> **Exercise description**
All the data below goes into the copy word for word, but the pictures don't.

> **Dataset extract**
»»
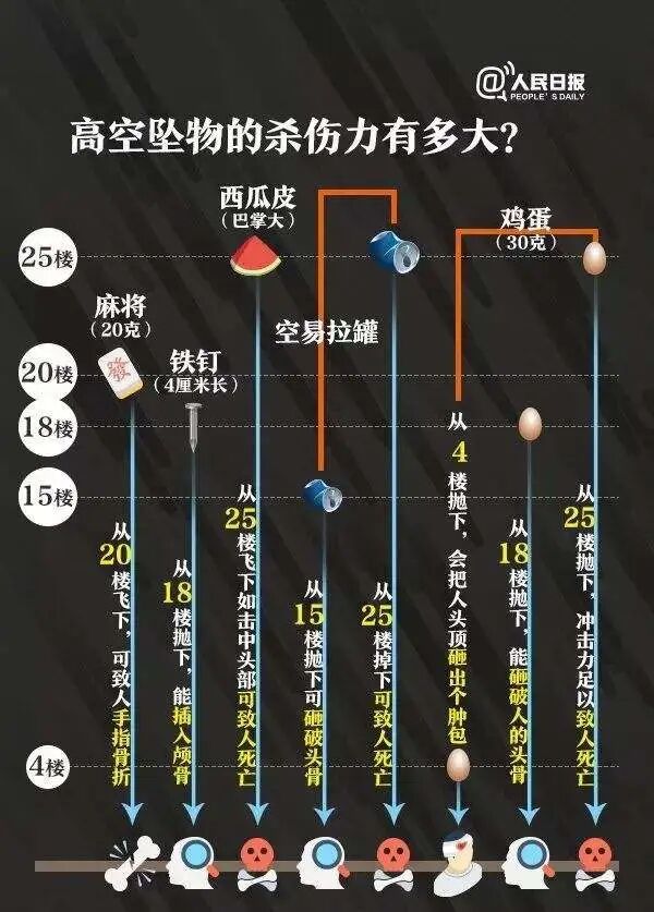 但是口吐芬芳是解决不了问题。我们还是要用法律规范我们的行为,保护我们的权益。2021年1月1日,全国人民翘首等待了70年的《中华人民共和国民法典》终于要实施了。 我们看看《中华人民共和国民法典》对于高空抛物作出什么规定: 第一千二百五十四条 禁止从建筑物中抛掷物品。从建筑物中抛掷物品或者从建筑物上坠落的物品造成他人损害的,由侵权人依法承担侵权责任;经调查难以确定具体侵权人的,除能够证明自己不是侵权人的外,由可能加害的建筑物使用人给予补偿。可能加害的建筑物使用人补偿后,有权向侵权人追偿。 物业服务企业等建筑物管理人应当采取必要的安全保障措施防止前款规定情形的发生;未采取必要的安全保障措施的,应当依法承担未履行安全保障义务的侵权责任。 发生本条第一款规定的情形的,公安等机关应当依法及时调查,查清责任人。 从上文来看,在无法查明的是谁高空抛物的情况下,依旧延续之前的侵权责任法中“一人抛物,全楼担责”的裁判思路。不仅如此,如物业或开发商,作为建筑物的管理人,也应该采取相应的保障措施,预防高空抛物的事件的发生,如工作没做到位,物业公司也要承担同样的责任。 由于高空抛物的特殊性,往往在事后很难查证谁是侵权人。因此仅靠公民个人的力量去查找侵权人,是远远不够的。民法典就特别规定,发生高空抛物后,公权力要及时介入,查找侵权人。对于那些情节严重的,依照《最高人民法院关于依法妥善审理高空抛物、坠物案件的意见》中的规定,可以以危险方法危害公共安全罪、过失致人死亡罪、过失致人重伤罪等罪名依法追究相应人员的刑事责任。 2018年发生的苹果砸伤女童一案,就是公安机关根据苹果上残留的生物信息,再调取楼上住户的生物信息逐户进行比对,才最终确定抛物者是一名11岁的女生。如果不是公权力介入,仅靠公民个人的力量是很难查清抛物者是谁。但由于抛物者只有11岁,未到刑事责任年龄,故无法追究其的刑事责任,只能向抛物者的监护人进行民事索赔。 最后,对于那些故意高空抛物者,只能送下面的一张图给他们:
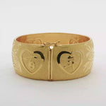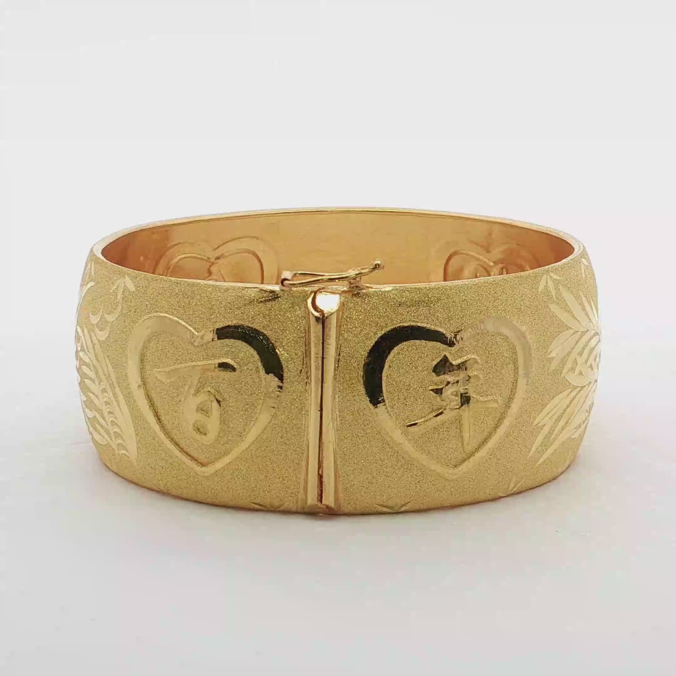 這款精美的黃金手鐲,採用傳統中式設計,鐲身飾有精緻的花卉圖案和寓意吉祥的文字,展現了古典文化的韻味。手鐲以優質黃金打造,色澤亮麗,質地細膩,佩戴舒適,是日常穿搭或特殊場合的理想選擇,為您的造型增添一份優雅與祝福。
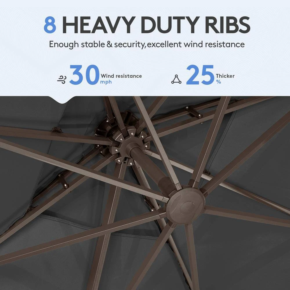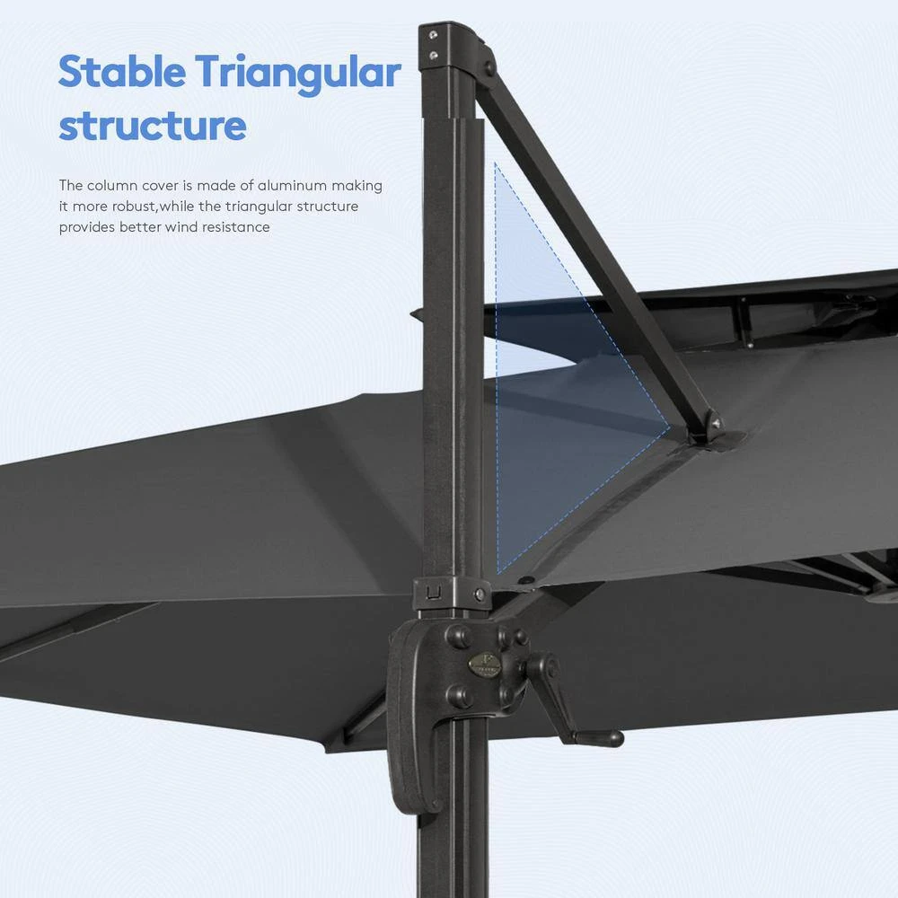 12 Ft. X 12 Ft. Square Outdoor Cantilever Umbrella Patio 2-Tier Top Rotation Umbrella With Cover In Gray
««
> **Finished task**
 但是口吐芬芳是解决不了问题。我们还是要用法律规范我们的行为,保护我们的权益。2021年1月1日,全国人民翘首等待了70年的《中华人民共和国民法典》终于要实施了。 我们看看《中华人民共和国民法典》对于高空抛物作出什么规定: 第一千二百五十四条 禁止从建筑物中抛掷物品。从建筑物中抛掷物品或者从建筑物上坠落的物品造成他人损害的,由侵权人依法承担侵权责任;经调查难以确定具体侵权人的,除能够证明自己不是侵权人的外,由可能加害的建筑物使用人给予补偿。可能加害的建筑物使用人补偿后,有权向侵权人追偿。 物业服务企业等建筑物管理人应当采取必要的安全保障措施防止前款规定情形的发生;未采取必要的安全保障措施的,应当依法承担未履行安全保障义务的侵权责任。 发生本条第一款规定的情形的,公安等机关应当依法及时调查,查清责任人。 从上文来看,在无法查明的是谁高空抛物的情况下,依旧延续之前的侵权责任法中“一人抛物,全楼担责”的裁判思路。不仅如此,如物业或开发商,作为建筑物的管理人,也应该采取相应的保障措施,预防高空抛物的事件的发生,如工作没做到位,物业公司也要承担同样的责任。 由于高空抛物的特殊性,往往在事后很难查证谁是侵权人。因此仅靠公民个人的力量去查找侵权人,是远远不够的。民法典就特别规定,发生高空抛物后,公权力要及时介入,查找侵权人。对于那些情节严重的,依照《最高人民法院关于依法妥善审理高空抛物、坠物案件的意见》中的规定,可以以危险方法危害公共安全罪、过失致人死亡罪、过失致人重伤罪等罪名依法追究相应人员的刑事责任。 2018年发生的苹果砸伤女童一案,就是公安机关根据苹果上残留的生物信息,再调取楼上住户的生物信息逐户进行比对,才最终确定抛物者是一名11岁的女生。如果不是公权力介入,仅靠公民个人的力量是很难查清抛物者是谁。但由于抛物者只有11岁,未到刑事责任年龄,故无法追究其的刑事责任,只能向抛物者的监护人进行民事索赔。 最后,对于那些故意高空抛物者,只能送下面的一张图给他们:
 這款精美的黃金手鐲,採用傳統中式設計,鐲身飾有精緻的花卉圖案和寓意吉祥的文字,展現了古典文化的韻味。手鐲以優質黃金打造,色澤亮麗,質地細膩,佩戴舒適,是日常穿搭或特殊場合的理想選擇,為您的造型增添一份優雅與祝福。
 12 Ft. X 12 Ft. Square Outdoor Cantilever Umbrella Patio 2-Tier Top Rotation Umbrella With Cover In Gray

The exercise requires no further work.